Not a 'weird' camera angle, just the operator not holding the camera level.

Even when a level says it perfect, sometimes the environment will make it look like it's leaning. More than once I've adjusted the bolts on lot lighting to take the poles from 'perfect' to ¼ bubble off, just so it 'looks right'.


----------



## wildleg (Apr 12, 2009)

hire a drunk to run into it from the opposite direction that the last drunk hit it. a 30 pack should do it.


----------



## 220/221 (Sep 25, 2007)

wildleg said:


> hire a drunk to run into it from the opposite direction that the last drunk hit it. a 30 pack should do it.


That doesn't work very well.


----------



## The_Modifier (Oct 24, 2009)




----------



## MarkyMark (Jan 31, 2009)

220/221 said:


> That doesn't work very well.


Maybe if you take that picture from another angle, all that debris and damage might clear clear right up. :laughing:


----------



## MechanicalDVR (Dec 29, 2007)

480sparky said:


> Not a 'weird' camera angle, just the operator not holding the camera level.
> 
> Even when a level says it perfect, sometimes the environment will make it look like it's leaning. More than once I've adjusted the bolts on lot lighting to take the poles from 'perfect' to ¼ bubble off, just so it 'looks right'.


 
Sometimes a 2' or 4' level on a 20' post just doesn't cut it either, I've had that occur several times over the years.


----------



## Big John (May 23, 2010)

MarkyMark said:


> Maybe if you take that picture from another angle, all that debris and damage might clear right up.


 :lol:

-John


----------



## CADPoint (Jul 5, 2007)

> Whenever I direct bury a light pole I put a level on it about 20 times, then stand back and eyeball it because it's really tough to make any adjustments after.


 
If you have a plumb bob on a string and walk away far enough to sight the total string against the object, it hasn't failed me yet...


----------



## oldtimer (Jun 10, 2010)

CADPoint said:


> If you have a plumb bob on a string and walk away far enough to sight the total string against the object, it hasn't failed me yet...


 

Direct bury a light pole....... That struck me funny!:laughing:

Plumb bob on a string, works very well.

4' level does not work well, many lighting poles are tapered, probably most.

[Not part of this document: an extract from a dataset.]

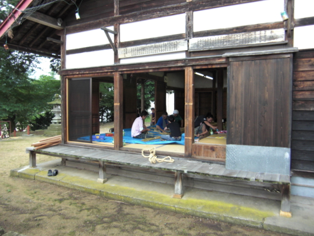 階段を登ると10人程の若者が縄や竹などの材料で何かを作って

Eye ball is the best method I M O.


----------



## bobelectric (Feb 24, 2007)

How do you place a tapered pole straight and level?


----------



## 480sparky (Sep 20, 2007)

bobelectric said:


> How do you place a tapered pole straight and level?



With a level and a shim.


----------



## oliquir (Jan 13, 2011)

you go at night with a laser level :laughing:


----------



## freeagnt54 (Aug 6, 2008)

220/221 said:


> That doesn't work very well.


If you think the pole looks bad you should see my truck


----------



## tkb (Jan 21, 2009)

The plumb bob and string has always been the best foolproof method. Gravity doesn't lie and is always calibrated.


----------



## dmxtothemax (Jun 15, 2010)

In Australia they dont direct bury light poles !
Instead they put a mounting into the slab,
and there are big bolts in the mounting plate
with nuts under the pole,
so they can just adjust it till its right !
EASY AS !


----------



## Southeast Power (Jan 18, 2009)

dmxtothemax said:


> In Australia they dont direct bury light poles !
> Instead they put a mounting into the slab,
> and there are big bolts in the mounting plate
> with nuts under the pole,
> ...


Of course you bolt them down in Australia. If you direct buried them, they would fall out of the hole..


----------



## BBQ (Nov 16, 2010)

freeagnt54 said:


> If you think the pole looks bad you should see my truck


----------



## mdfriday (May 14, 2007)

220/221 said:


> Just take another picture :thumbup:
> 
> 
> 
> ...


Nope, you just forgot to put your right shoe on...


----------



## dmxtothemax (Jun 15, 2010)

jrannis said:


> Of course you bolt them down in Australia. If you direct buried them, they would fall out of the hole..


HA - HA,
good one !


----------



## 480sparky (Sep 20, 2007)

mdfriday said:


> Nope, you just forgot to put your right shoe on...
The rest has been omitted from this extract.